The reason is actually very logical and something that we should have foreseen. The culprit was business governance: With all due respect to budgets, this time they caused problems.

Our sales people continued to focus on reaching their budget, and not on steadily increasing the number of campaigns with higher pricing in Reacher. This meant that the number of campaigns sold in Reacher and with Reacher’s pricing logic actually fell.

Or, if I relate it to every day work:
The higher pricing in Reacher helps sales people achieve their budgets by selling fewer display campaigns.
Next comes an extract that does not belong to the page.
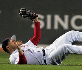 April 18, 2006 ... The Red Sox and Devil Rays are incapable of playing a normal baseball game. In tonight's 7-4 win over the Devils Rays before 36,423 roaring fans at Fenway Park, you had the drama of Adam Stern's diving, game-ending catch in center field with the bases loaded. You had Tampa manager Joe Maddon's unique David Ortiz shift, which featured six players in the outfield and no infielders on the left side, a formation he dreamed up while on the stationary bike. There was Jonathan Papelbon's first tough save, as he struck out two but also walked two in loading the bases. There was the curious decision by Maddon to pitch to Manny Ramirez in the bottom of the seventh with two runners in scoring position and two outs, only to have Ramirez deliver a two-run single that gave Boston a 4-2 lead. There were none of the beanballs or brushbacks that these teams have come to be known for. There was no Tampa Bay retaliation for Joey Gathright being punched in the face by Julian Tavarez in spring training. You also had the fruits of Kevin Youkilis's hard labor this off-season: a two-run, two-out, line-drive double in the eighth inning that broke a 4-4 deadlock. Mike Lowell pounced on Ruddy Lugo's first pitch of the eighth and smacked it high off the wall for a double. After pinch hitter Trot Nixon walked, Chad Orvella got Adam Stern to bunt into a fielder's choice, with Lowell erased at third. Things didn't look good when Alex Gonzalez struck out, but Youkilis saved the day. With the score tied at 2-2 in the seventh, Ramirez's single, a rising line drive, hit off the heel of Russell Branyan's glove. Two runs scored to give the Sox a 4-2 lead, but Mike Timlin couldn't hold that lead in the eighth after relieving Matt Clement, who allowed a leadoff walk to Lee to end his night. Timlin allowed a double to center by Gomes before Branyan doubled to right to tie the score. Give Timlin credit for at least keeping the game tied with Branyan on third and one out. Timlin retired Toby Hall and Tomas Perez to escape the inning at 4-4. The Sox trailed, 2-1, heading into the bottom of the seventh, but tied it on an unusual play. With Wily Mo Pena (walk, sacrifice, wild pitch) on third and Youkilis (walk) on first, Mark Loretta hit a line drive past the second baseman. While Pena scored, Youkilis held up, thinking the ball may be caught. He was cut down on a force play on the throw from right. With two outs, Ortiz smacked his second double off the Monster, sending Loretta to third, and setting up Ramirez for the go-ahead hit. With the game-time temperature 48 and dropping, Clement couldn't have been the easiest guy to face. In fact, the Devil Rays didn't score until the seventh when third baseman Ty Wigginton led off with a home run that just made it over the Green Monster, tying the score at 1. In the same inning, the Rays took the lead on back-to-back doubles by Hall and Perez. As for Papelbon's save (his seventh in seven tries), it certainly started well as he struck out Gathright. Carl Crawford singled up the middle, but the big right-hander struck out Jorge Cantu. Then Travis Lee walked in a 10-pitch at-bat, and Jonny Gomes walked to load the bases. Then came “The Catch”. Stern had made a couple of eye-openers for Team Canada in the World Baseball Classic, but this was one of those all-or-nothing dives as he sped straight in on a sinking liner. |
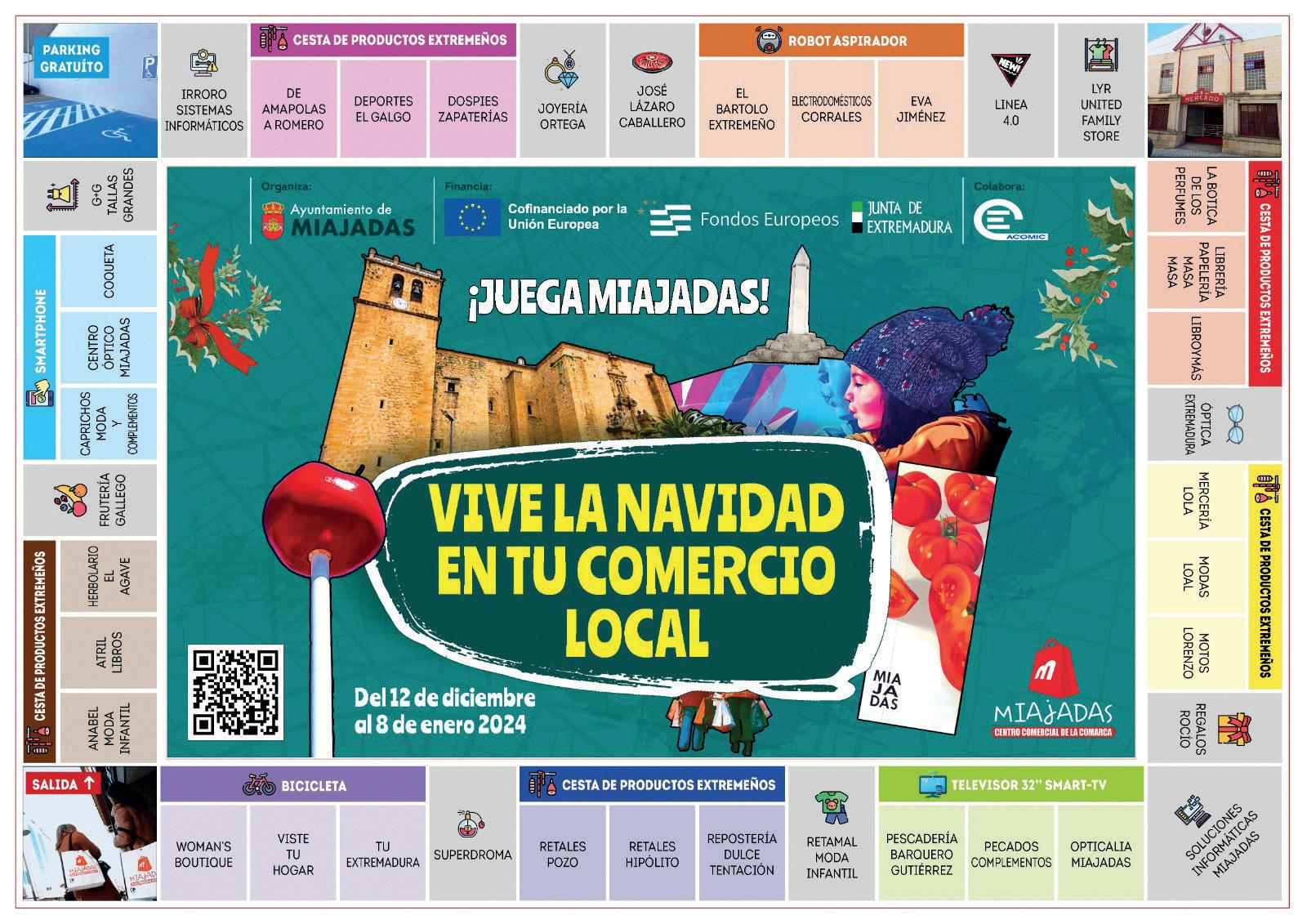Desde el 12 de diciembre hasta el 8 de enero, los comercios participantes repartirán rascas navideños, hasta agotar existencias, a los clientes que efectúen compras superiores a 10 €. Como si se tratará del popular juego del Monopoly, para esta Navidad, la Concejalía de Comercio ha diseñado un tablero con 39 comercios del municipio; los clientes que, del 12 de diciembre al 8 de enero, realicen compras por valor de más de 10 euros conseguirán las tarjetas de ‘rasca y gana’ para lograr múltiples premios. Estos rascas darán opción a conseguir premios directos en los propios establecimientos y premios especiales para aquellos clientes que obtengan las tarjetas con las combinaciones correctas de tres comercios del mismo color, según este tablero: Los premios especiales otorgados por el Ayuntamiento de Miajadas son: 5 Cestas de productos extremeños, 1 Smartphone, 1 Televisor de 32”, 1 Robot aspirador y 1 Bicicleta. Esta Navidad, ¡Juega Miajadas!

Once sales people reach their budget, they turn their focus to other parts of the product portfolio.

The number of display campaigns sold in Reacher with the improved pricing logic thereby falls, and the total revenue curve deviates from the curve for CPM value and revenue per campaign.

Our conclusion was that the fault was not with the logic or technology, but with the fact that new models demand new governance models and working practices for the people that conduct everyday business.

Our advantage: We own the problem ourselves and can work on solving it

The good thing about the challenges identified in business governance was that we owned the problem ourselves. For MittMedia this meant re-working the KPI’s to put a clear focus on activities that drive progress in the right direction.

In this case, it largely involved changing the culture, and KPI’s such as “Active sales people in Reacher” and “Number of purchasing digital customers per week” helped us to change how things developed.

The impact: Reacher, together with changed business governance, led to the local display business growing by as much as 28 percent in 2018.

Last but not least, I am proud to tell you that of MittMedia’s five (!) nominations for the INMA Global Media Award 2019, which takes place in New York in May, Reacher has been nominated in two categories!